Capital Budgeting: Discounted Cash Flow Analysis Harvard Case Solution & Analysis

Capital Budgeting: Discounted Cash Flow Analysis Case Study Analysis

Introduction

Capital Budgeting and DCF Analysis

capital budgeting is the process used by the business to evaluate the profitability of current and future projects. This case includes 7 exercises collectively that are related to cash flow analysis and capital budgeting analysis.

(Thomas, 1997).

Q.01 Net Present Value (NPV), Internal Rate of Return (IRR) and Payback Period

Price of Machine 500000
Cash cost saving 200000
Years 5
Salvage Value 75000
Tax rate 40%
Discount rate 8%
Depreciable cost 425000
Annual Depreciation 85000
Net Present Value $165,921.09
IRR 19%
Payback Period 3.2

 

After analyzing the values and requirements of the course instructor we do the calculations and find these results.

NPV $165,921.09

NPV signifies the variance concerning the original investment and the PV of expected cash flows. In this case, the project seems profitable because the NPV is positive.

IRR 19%

IRR is the proportion at which the venture breaks even (NPV equals zero). An IRR of 19% specifies that the project is projected to deliver a profit of 8% (the discount rate used), which is a good sign.

The analysis suggests that the investment in this machine is financially viable and profitable. The positive NPV and IRR above the discount rate indicate that the project is expected to generate positive returns. Additionally, the payback period is relatively short about 3.2 years indicating a quick return on the investment.

Q.02 Three-handed loaded machine and Automatic Mining Machine

Hand loaded blocks 4 5 6 7 8 9 10 11 12 13 14 15
Cash In 8000 8000 8000 8000 8000 8000 8000 8000 8000 8000 8000 8000
Cash-out                  
Actual after-tax cash flow 8000 8000 8000 8000 8000 8000 8000 8000 8000 8000 8000 8000
No of years for calculating PV 0 1 2 3 4 5 6 7 8 9 10 11
Present Value 8000 7477 6988 6530 6103 5704 5331 4982 4656 4351 4067 3801
Net Present Value 67989                      
Automatic Mining 4 5 6 7 8 9 10 11 12 13 14 15
Cash In 115,000 115,000 115,000 115,000 115,000 115,000 115,000 115,000 115,000 115,000 115,000 115,000
Cash-out 480000                      
Actual after-tax cash flow -365,000 115,000 115,000 115,000 115,000 115,000 115,000 115,000 115,000 115,000 115,000 115,000
No of years for calculating PV 0 1 2 3 4 5 6 7 8 9 10 11
Present Value -365,000 107477 100445 93874 87733 81993 76629 71616 66931 62552 58460 54636
Net Present Value 497,348

 

Recommendation

Based on the NPV analysis, the Automatic Mining Machine investment appears to be a better choice from a financial perspective because the value of this alternative is higher than hand-loaded blocks.

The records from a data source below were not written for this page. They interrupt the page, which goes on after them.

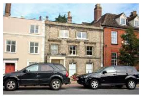
No.14 Earsham Street

No.14 Earsham Street (grade II). A substantial dwelling with seventeenth century origins. It is reputed to have been built in 1620 but is probably of c1660, and once formed part of a much larger dwelling which included No.16. Three storeys and three bays. Mid nineteenth century gault brick classical façade with low parapet and corner pilasters capped by finials. Red pan tile roof covering. Horned plate glass sashes to ground and first floors. Six-panelled door, panelled reveals, enriched consoles, key, and bed mould remains of original entablature. Mid nineteenth century porch with slender columns, entablature, and cast-iron ornament. Partially glazed in the late twentieth century. Low eighteenth century rear service range with mid twentieth century Crittall windows and nineteenth century addition. This range is rendered and has a red pan tiled roof. Interior; panelled room, right, with fluted pilasters and cornice. In 1933, thirty-five horse's skulls were found fixed in rows between the joists of the floor of this room, said to be a music room, placed there to improve its acoustics. (No. 16, adjoining originally part of this room; similar skulls found under corresponding room on opposite side of the house). Original staircase gone and many other features. Panelled room used as hairdressing saloon. Nos. 14 and 16 are two of the few buildings which survived the fire of 1688.
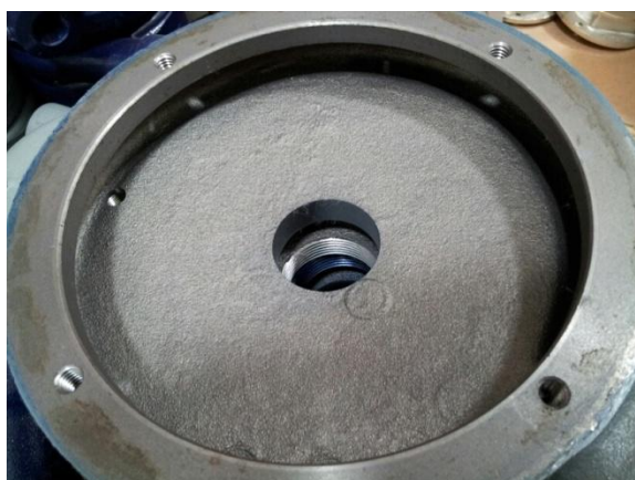
Standard, cork gasket, pump cover #082-6302 for closed impeller
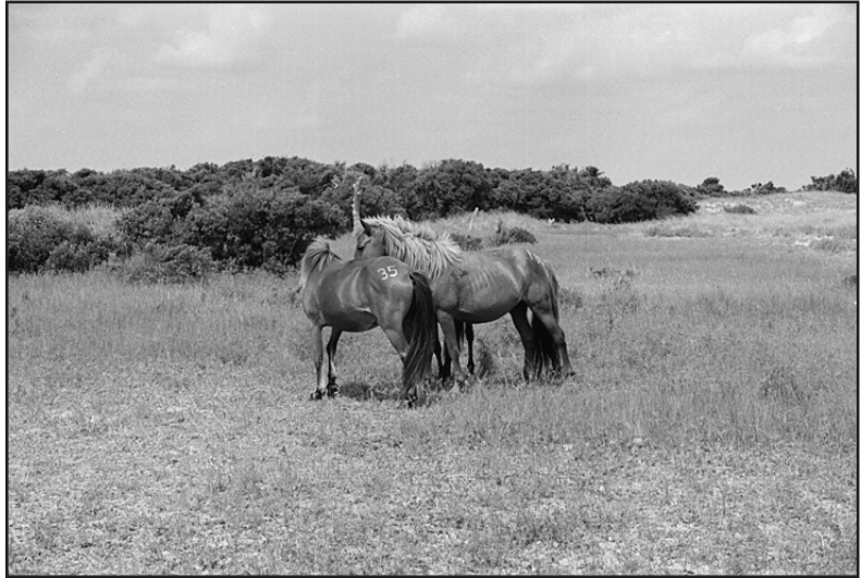
(Photo of wild horses of Shackleford Island )

According to legend, the wild horses that live on the island survived Spanish shipwrecks in the 1500s. When the island's settlers needed horses for farm work, they caught and used the animals to pull plows and wagons. Settlers released the horses into the wild, when their work was done. Today, 100 horses roam the island, but no person lives there. Federal law protects the herd.
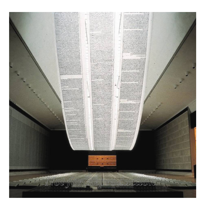
Figure 4: Book from the Sky

had been conceived and carved by the artist, who had worked on them meticulously for a period of over three years. The atmosphere of the installation was serene, elegant, and even comforting. But as one drew closer, everything changed. These printed characters were unreadable and meaningless. NOBODY could read them.
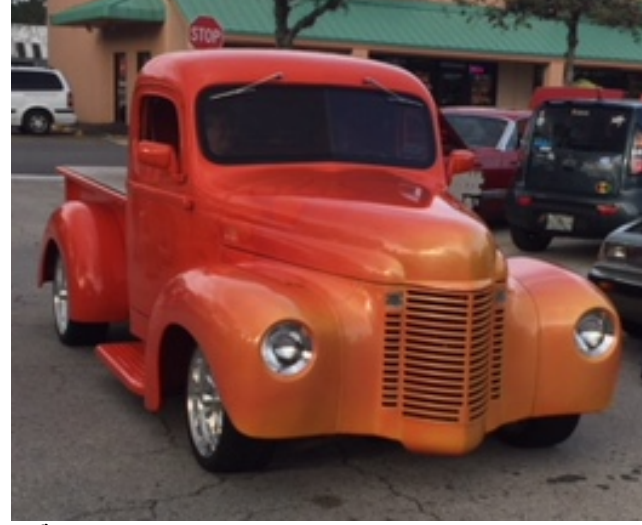
If you don't get there early, you're late!
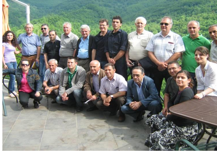
Figure 5: REFORD Assembly meeting, Kosovo, June, 2011

While sharing similar challenges about private and communal forestry the three associations were exchanging and building their relationships. Using the existing local organizations and their capacities they initiated discussions about joining forces in addressing concrete common issues and finding solutions on regional level. The CNVP/Sida forestry project provided a platform for this vision and encouraged the associations to start structuring their regional ideas.
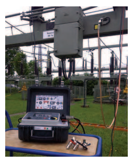
DLRO100 testing circuit breaker
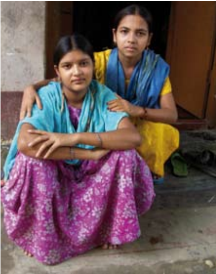
This young girl is pregnant and intends to have a USG to check the position of her baby but has not bothered to have any other check ups during her pregnancy.

They charge a flat rate of Tk800 for a normal delivery and Tk1500 for stitches. As a result of their activities, they say that ‘at risk’ mothers are better identified, but experience shared by families using their services suggests that they intervene unnecessarily and beyond their competence because of the profit motive. This leads to delayed referral and increased risk. The profit incentive has also meant that they now operate beyond their designated service areas (this has been made possible because of their use of mobile phones). The sisters regularly provide injections (oxytocin) to increase labour contractions (at least 3/10 are said to need this) but, contrary to SBA training guidelines, no records are being made of this. The sisters are defensive about their work. ‘TBAs and village doctors are jealous of my income and are spreading bad rumours around’ , one tells us (see Box 6).

Q.03 Product line should continue or not

  1 2 3 4 5 6 7 8
Year 1998 1999 2000 2001 2002 2003 2004  
Units 1000000 1000000 1000000 1000000 1000000 1000000 1000000
Unit price 20 20.6 21 21.15 21.25 21.25 21
Sales 20000000 20600000 21000000 21150000 21250000 21250000 21000000 0
COGS 10000000 10300000 10609000 10927270 11255088 11592741 11940523
Depreciation 1057000 1124000 1204000 1304000 1404000 1504000 1504000 1504000
GP 8943000 9176000 9187000 8918730 8590912 8153259 7555477
SGA 7000000 7210000 7426300 7649089 7878562 8114919 8358366
EBIT 1943000 1966000 1760700 1269641 712350.2 38340.74 -802889
TAX 40% 777200 786400 704280 507856.4 284940.1 15336.29 -321156
EBIAT 1165800 1179600 1056420 761784.6 427410.1 23004.44 -481733
 
NOPAT 1165800 1179600 1056420 761784.6 427410.1 23004.44 -481733
Add Depreciation 1057000 1124000 1204000 1304000 1404000 1504000 1504000
Less CapEx -400000 -400000 -400000 -400000 -300000 -200000 0
Less Change WC -108000 -111000 -79000 -40000 -33000 -17000 23000 3957000
Free Cash flow 1714800 1792600 1781420 1625785 1498410 1310004 1045267 3957000
DCF 1531071.429 1429050 1267980 1033216 850238.2 663689 472825.5 1598165.933
NPV $8,846,234.87
   
If we Discontinue now  
Sale offered Assets $3,000,000.00
Tax Benefit on loss $1,600,000.00
Recovery of Working Capital $3,592,000.00
Net Cash Flow $8,192,000.00

 

From the above calculations and interpreting the results we can recommend that the production line must be continued because it has a positive economic effect on profitability. The NPV is positive and higher which means it is also beneficial for upcoming time.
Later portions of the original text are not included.